The recent discovery of IsPETase, a hydrolytic enzyme that can deconstruct poly(ethylene terephthalate) (PET), has sparked great interest in biocatalytic approaches to recycle plastics. Realization of commercial use will require the development of robust engineered enzymes that meet the demands of industrial processes. Although rationally engineered PETases have been described, enzymes that have been experimentally optimized via directed evolution have not previously been reported. Here, we describe an automated, high-throughput directed evolution platform for engineering polymer degrading enzymes. Applying catalytic activity at elevated temperatures as a primary selection pressure, a thermostable IsPETase variant (HotPETase, T_m = 82.5 °C) was engineered that can operate at the glass transition temperature of PET. HotPETase can depolymerize semicrystalline PET more rapidly than previously reported PETases and can selectively deconstruct the PET component of a laminated multimaterial.
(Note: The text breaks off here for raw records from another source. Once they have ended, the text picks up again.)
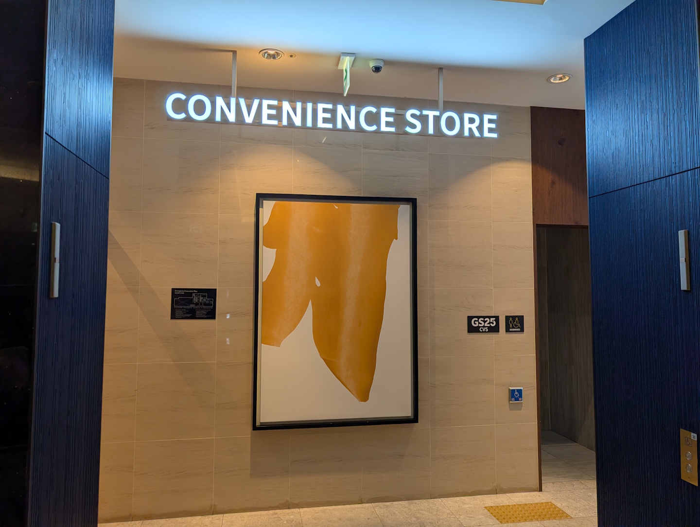 Ebenfalls in der Lobby, wenngleich ein wenig versteckt hinter den Aufzugsbänken, befindet sich ein kleiner Convenience-Store der Marke GS25 – unmittelbar neben dem Hotel gibt es aber auch entsprechende Angebote der Konkurrenz, beispielsweise 7eleven oder CU.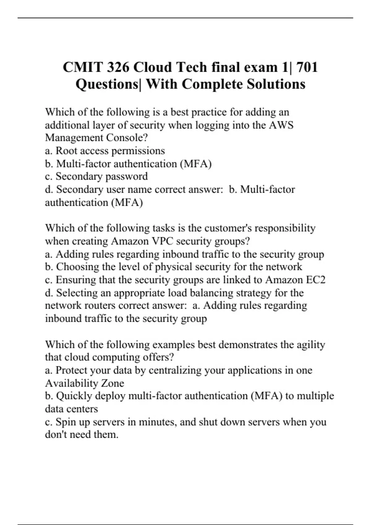 Which of the following is a best practice for adding an additional layer of security when logging into the AWS Management Console? a. Root access permissions b. Multi-factor authentication (MFA) c. Secondary password d. Secondary user name correct answer: b. Multi-factor authentication (MFA) Which of the following tasks is the customer's responsibility when creating Amazon VPC security groups? a. Adding rules regarding inbound traffic to the security group b. Choosing the level of physical security for the network c. Ensuring that the security groups are linked to Amazon EC2 d. Selecting an appropriate load balancing strategy for the network routers correct answer: a. Adding rules regarding inbound traffic to the security group Which of the following examples best demonstrates the agility that cloud computing offers? a. Protect your data by centralizing your applications in one Availability Zone b. Quickly deploy multi-factor authentication (MFA) to multiple data centers c. Spin up servers in minutes, and shut down servers when you don't need them. d. Increase network throughout with AWS Direct Connect (DX) nodes. correct answer: c. Spin up servers in minutes, and shut
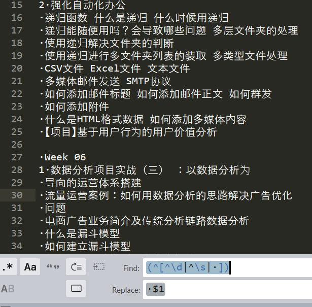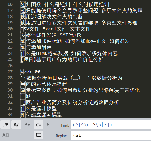为每行开头添加一个 ·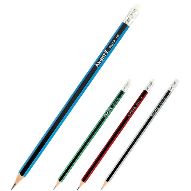Карандаш чернографитный Axent с ластиком, 189мм (HB) арт. 9002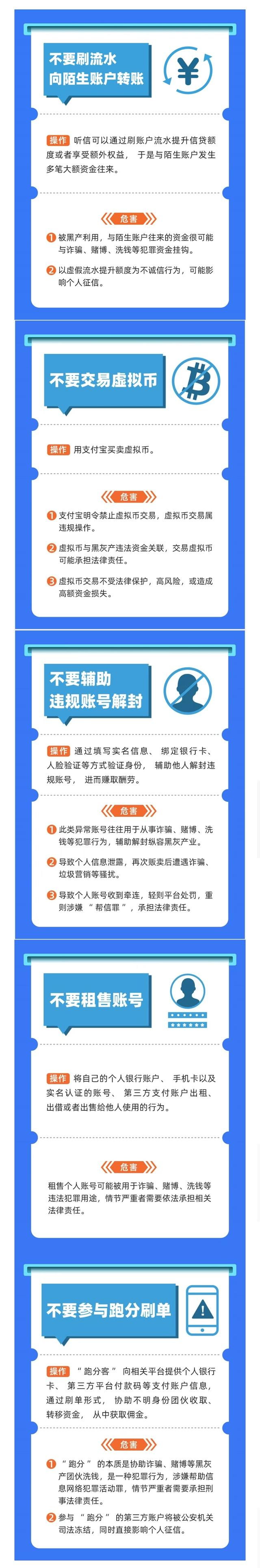 支付宝发出提醒:这些风险操作不仅可能泄露你的个人信息、影响账户安全,导致支付宝账户被限制,甚至可能涉嫌违法,大家平时要千万注意,不要做。
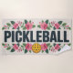 PICKLEBALL is the bold headline centred in this vibrant floral design. Surrounding the text are pink hibiscus-style flowers, green leaves, and red berries arranged symmetrically, creating a cheerful and tropical atmosphere. At the bottom centre, a yellow perforated pickleball adds sporty flair. This beach towel is perfect for any pickleball club, team, or tournament hosted at a tourist resort or vacation destination. Whether you're gifting a pickleballer for a birthday, celebrating a holiday, or outfitting your coach or fan crew, this product blends stylish celebration with athletic pride.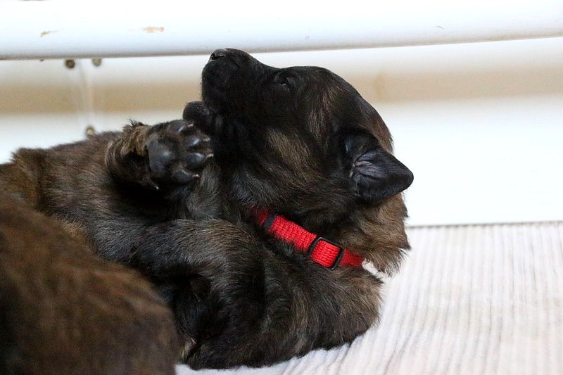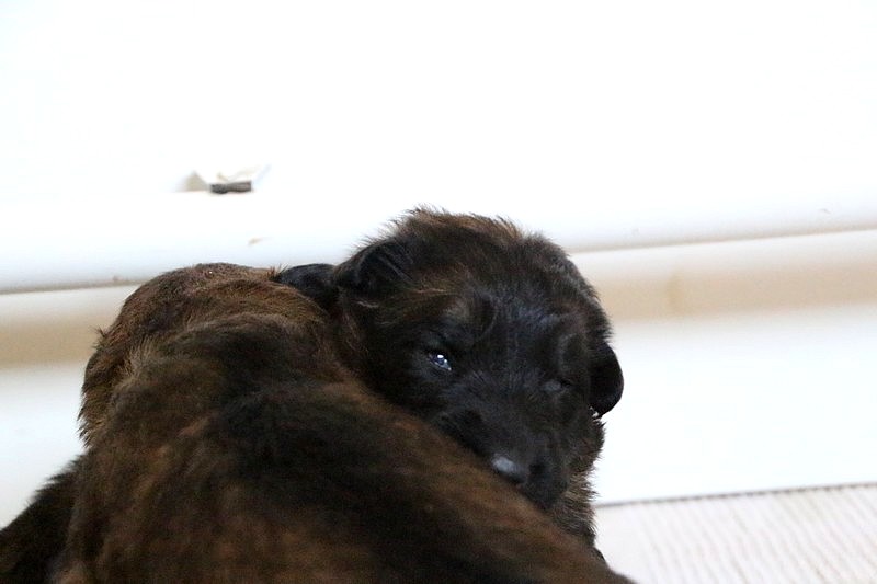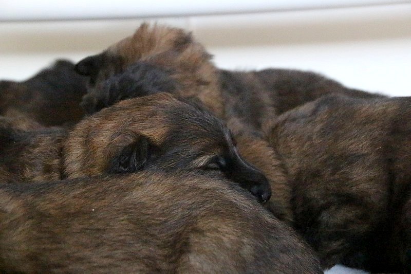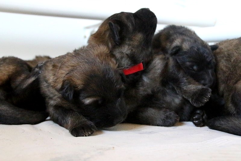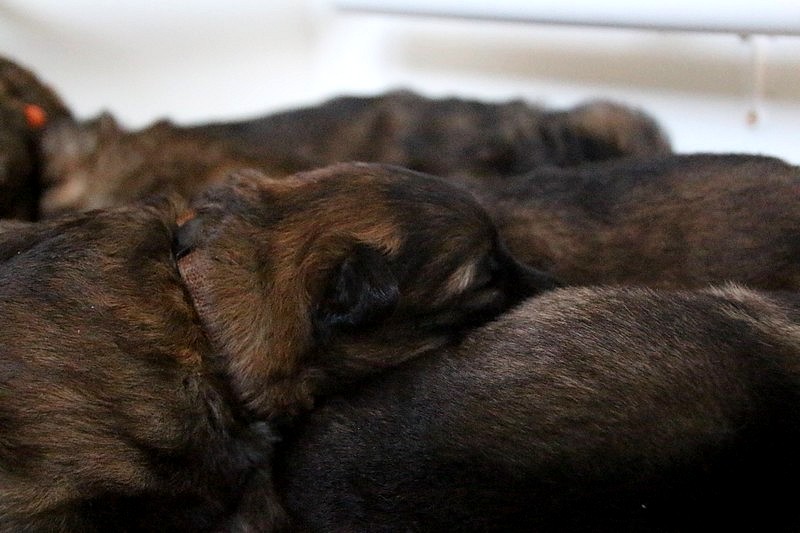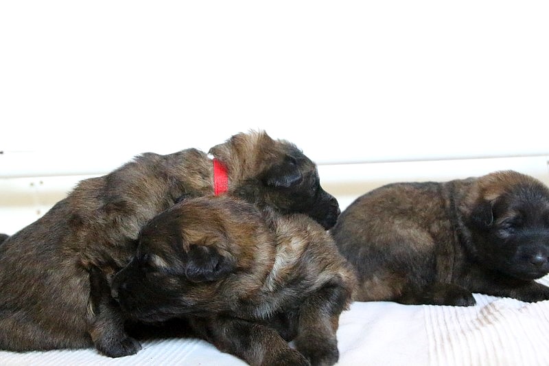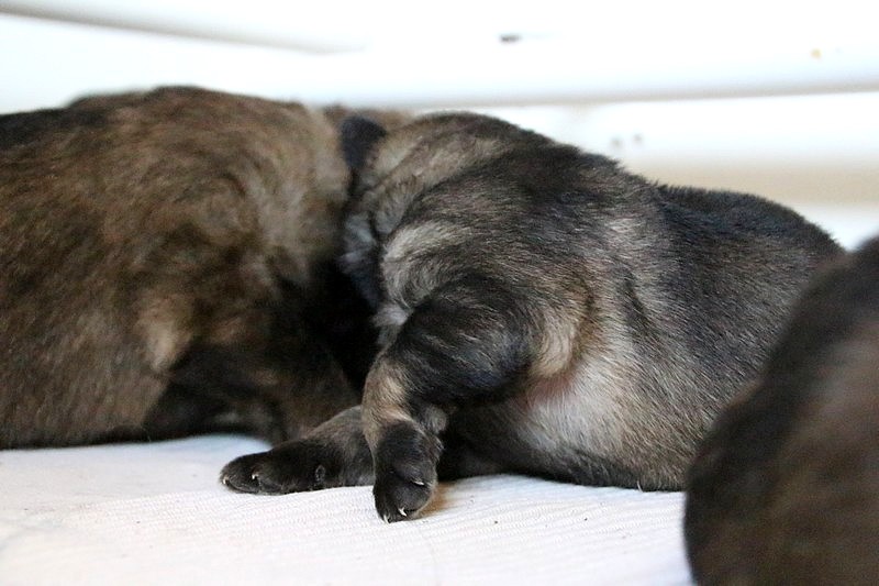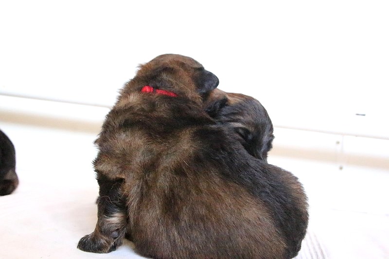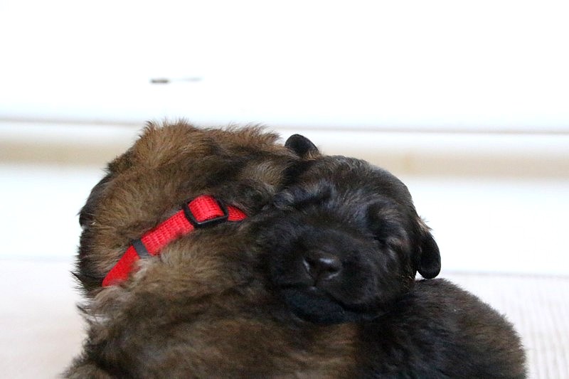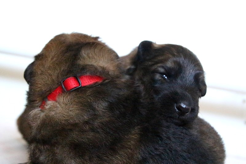 Et oui, nous nous portons à merveille ! nous commençons à bien nous déplacer et si nos yeux sont ouvert ce n’est pas pour autant qu’il est plus facile de se diriger, car comme notre ami André la taupe, nous sommes encore complétement miro.. Côté Voix, nous avons appris des nouveaux sons et le soir nous donnons en direct de notre cocon une représentation d’imitation d’aboiement.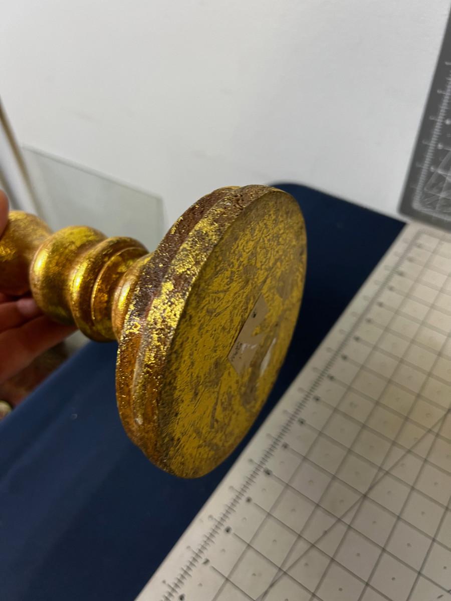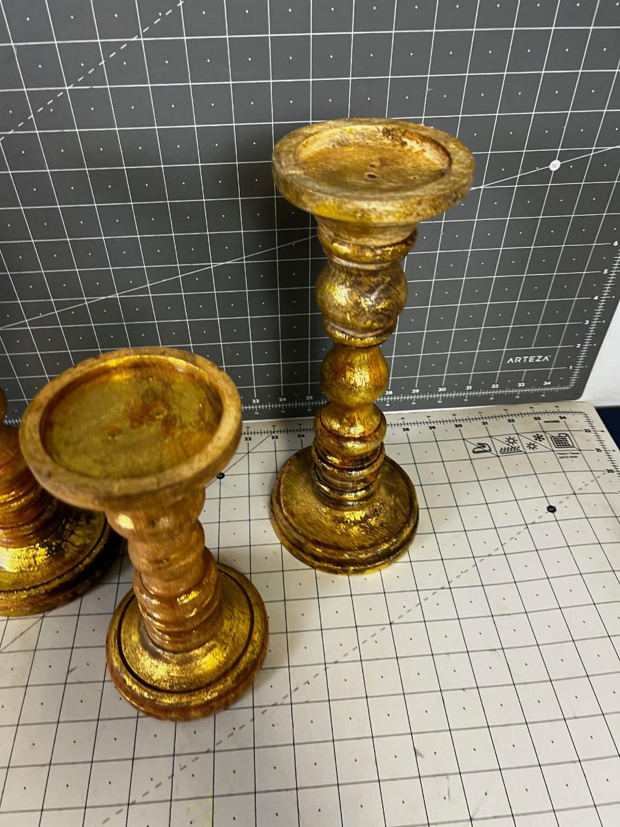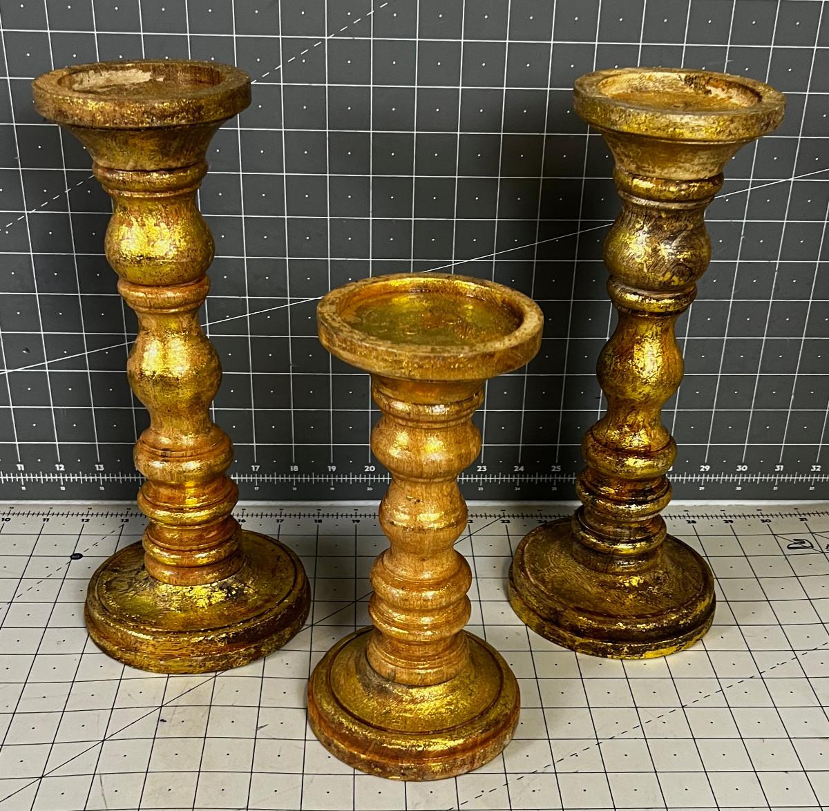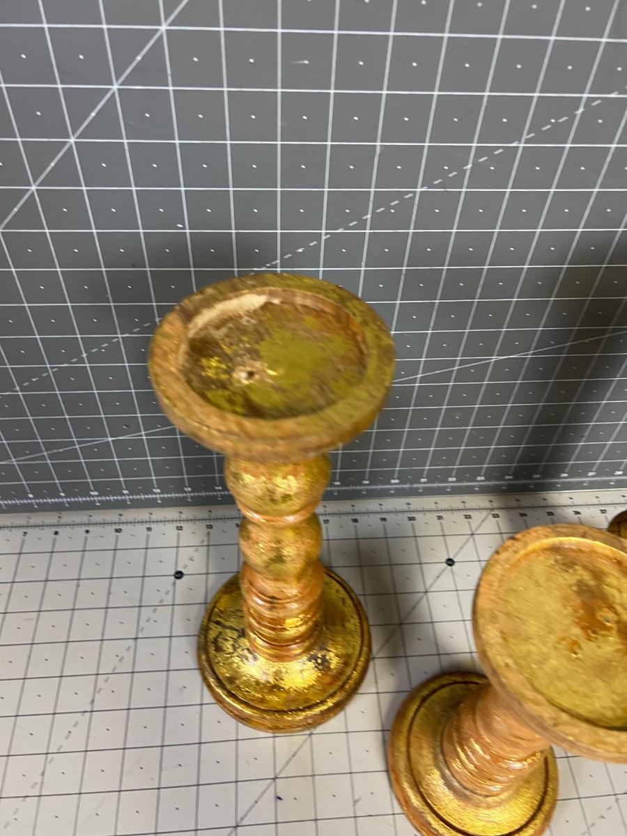3 Gold Candle Sticks, New Turned Wood

Structural analysis of HotPETase reveals interesting features that have emerged to improve thermotolerance and catalytic performance. Our study establishes laboratory evolution as a platform for engineering useful plastic degrading enzymes.

最近发现的Is PETase 是一种可以解构聚对苯二甲酸乙二醇酯 (PET) 的水解酶，引起了人们对回收塑料的生物催化方法的极大兴趣。商业用途的实现将需要开发满足工业过程需求的强大工程酶。尽管已经描述了合理工程化的 PETase，但以前没有报道过通过定向进化实验优化的酶。在这里，我们描述了一种用于工程聚合物降解酶的自动化、高通量定向进化平台。在高温下应用催化活性作为主要选择压力，热稳定的PETase变体（HotPETase，T _m = 82.5 °C）被设计成可以在 PET 的玻璃化转变温度下运行。HotPETase 可以比以前报道的 PETase 更快地解聚半结晶 PET，并且可以选择性地解构层压多材料的 PET 组分。HotPETase 的结构分析揭示了一些有趣的特征，这些特征已经出现以提高耐热性和催化性能。我们的研究将实验室进化确立为设计有用的塑料降解酶的平台。